The op's revolver is most definitely not +p rated. No +p developed then. The flat latch makes it early. Keep this one in the safe. During the middle to late 60s, the Vietnam War and law enforcement demand for products made any quality handgun extremely difficult to purchase. Law enforcement demand was fueled by unlimited federal grant money in addition to spiraling crime and race riots in major cities. Google the riots. I was in L.A in the summer of 1965 during the Watts Riot.

dolphin62
08-10-2017, 05:05 AM
What year was it bought?

willie
08-10-2017, 09:03 AM
I recognize the blue box and paper work as belonging to S&W when it was owned by the Bangor Punta Company, a conglomerate holding several other companies. B.P. bought S&W from the Wesson family in 65. The flat latch changed to the other one in 1966. This gun has diamond grips which were dropped in 1968. So this revolver was made from either in 1965 or 1966--that's my guess.

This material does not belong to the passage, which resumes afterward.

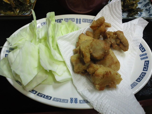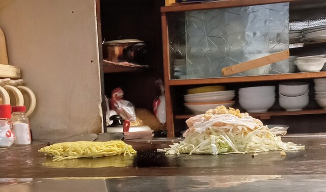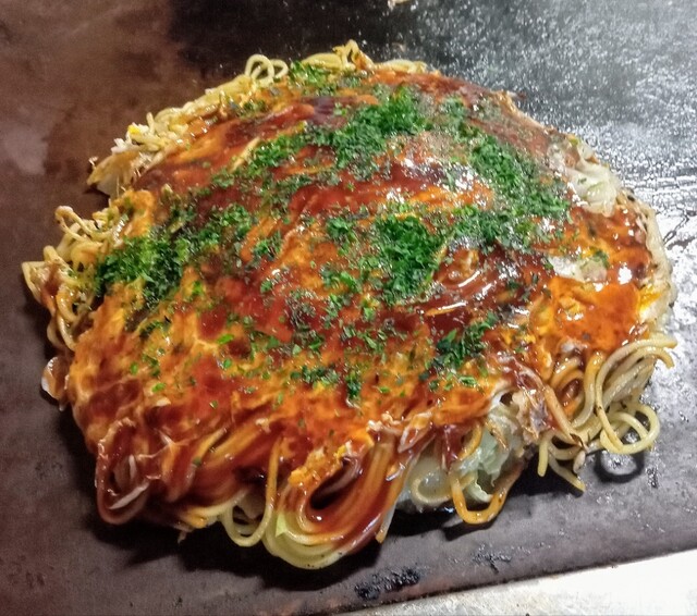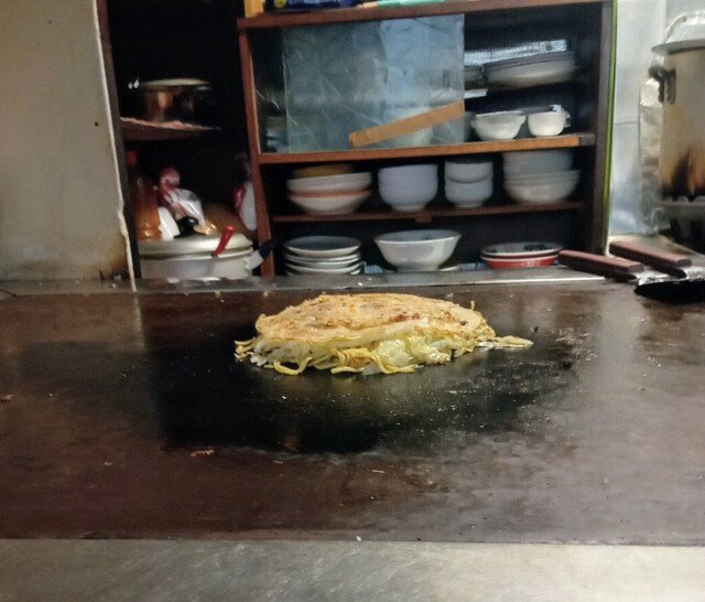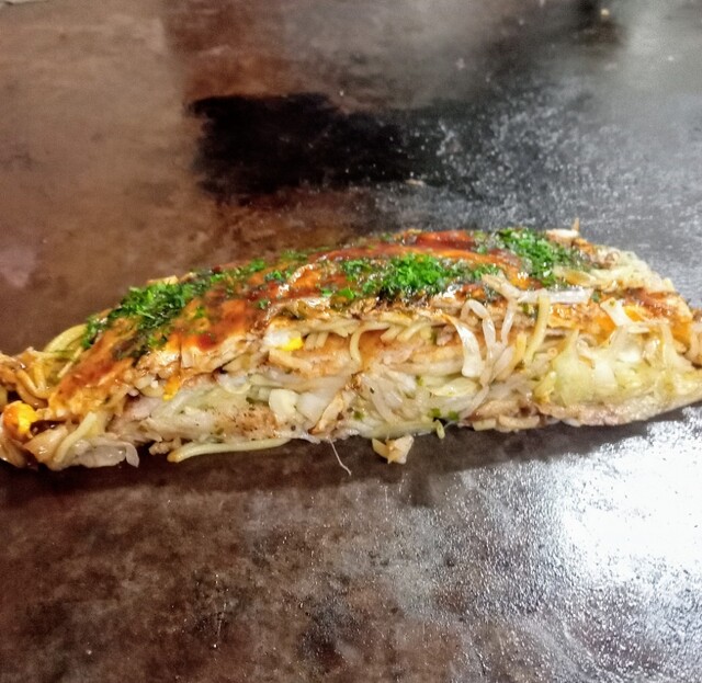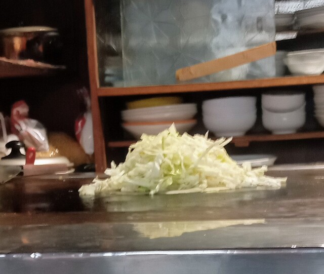 鉄板も大きいとは言えず鉄板席は2名分ですね休日のランチタイムを外した時間に寄ったので先客居らず無事鉄板前を確保です♪鉄板はいい色に焼けて店の歴史を物語ってます

B.P. was the beginning of lesser quality in S&W handguns. They sold the S&W to Lear Siegler who later sold it to....and so.

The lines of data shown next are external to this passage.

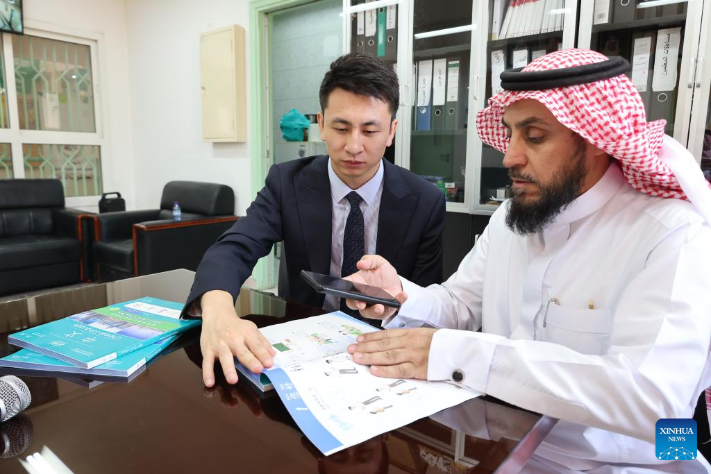 Professor de chinês Shi Xiao conversa com Ghrmallh Al Zahrani, diretor da Escola Fundamental Al Waleed bin Ubadah, em Riad, Arábia Saudita, 5 de setembro de 2024. (Xinhua/Wang Haizhou)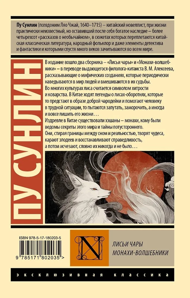 В издание вошло два сборника «Лисьи чары» и «Монахи-волшебники» в переводе видного филолога-китаиста Алексеева В. М., рассказывающие о мифических созданиях, которые периодически наведываются в мир людей и вмешиваются в их судьбы.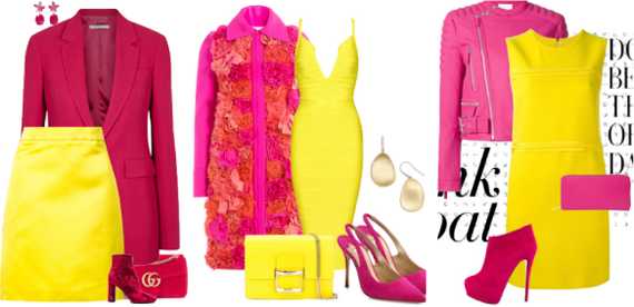 Лимонно-розовый в одежде может быть, как ярким, так и нежным. Если вам по душе броские образы, подберите к нему оттенки фуксии или ярко-розовый. В нежную желто-розовую гамму можно добавить белые элементы, это сделает сочетание более стильным.
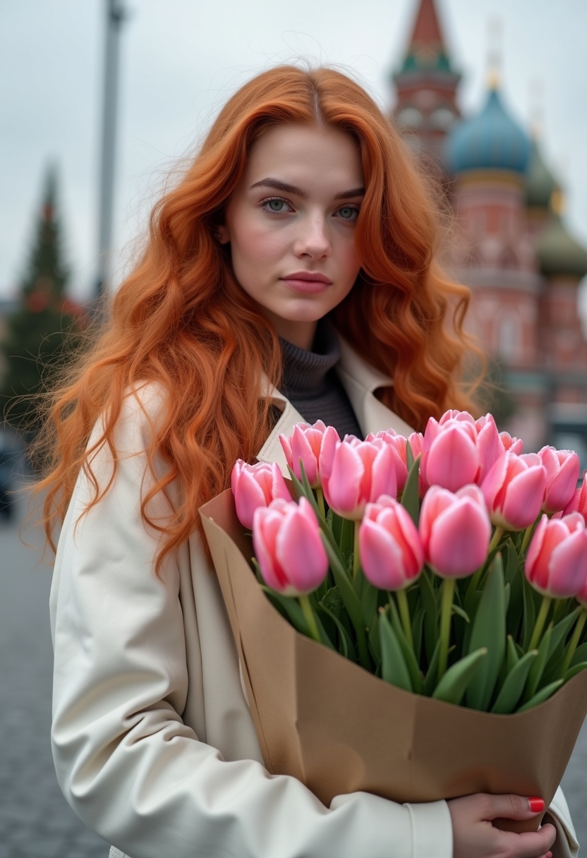 Женщина с рыжми динными волнистыми волосами в белом длинном тренче держит в руках большой букет розовых тюльпанов в крафтовой бумаге. На фоне размытые очертания старинной архитектуры Москвы.

Roy Jinks was the S&W historian who wrote a book on the company's history. It's available. At one time I had an original typed copy of his notes giving this information. I sold it to a collector. I wrote the above from memory so I might be off a year on the dates.

Stephanie B
08-10-2017, 11:41 AM
$75 in the late 60s is today's $575.

The op's revolver is most definitely not +p rated. No +p developed then.

Yes, but SAAMI apparently downrated the .38 Special in the early `70s.

willie
08-10-2017, 10:19 PM
Stephanie, to the best of my knowledge, the industry has never downgraded .38 Special specifications. In the earlly 1970s +p ammo with higher pressures was developed, and in the late 1970s +p+ ammo was introduced. Specs for standard pessure loads have remained unchanged. The specs increased for +p and +p+.